Hello homies and homets! PySec/Airth here coming at you with some 1337 subnetting. This article was originally posted on Null Byte but since I joined the 0x00sec team and there are a ton of new comers, I decided to re-upload some of them so people won’t get confused with the rest of the posts I will upload in the future.Today’s topic is subnetting as you have probably guessed by the title. So,
192.168.1.0/24. Ever wondered what that
"/24" or the
"/27" etc mean? Well, I’m about to teach you how and why we use it. Many people know what a subnet mask is but not that many know how to create and read one. There are two types of subnet creation:
Based on Network Requirements
Based on Host Requirements
In this article we will focus on Network Requirements. Let’s get right into it!
DISCLAIMER: Binary knowledge is mandatory in order to comprehend the concepts that will be shown below.
Let’s look at a situation that would require custon subnetting, shall we?

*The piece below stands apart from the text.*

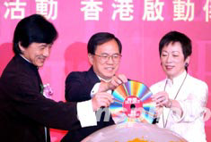 香港旅游发展局9月15日推出全新的「香港-乐在此,爱在此!」全球广告宣传活动,政务司长曾荫权[中]、旅游发展局主席周梁淑怡[右]及香港旅游大使成龙出席主持启动仪式。作者:洪少葵

Let’s assume that our company has purchased the IP address
22.214.171.124 with the default subnet mask
255.255.255.0 and want to use it to address our network. Wait a second, “purchased”? Why did the company need to buy the IP address? Well, keep in mind that when we are working with IP addresses, there are the private ones and the public ones. You don’t have to pay for the private ones, you can create them, make them up and design your own internal network but those IP addresses don’t work on the Internet, they are blocked by every Internet Service Provider. Which IP addresses are public or private isn’t today’s discussion. So if you are not familiar with those terms I would advice you to google yourself around.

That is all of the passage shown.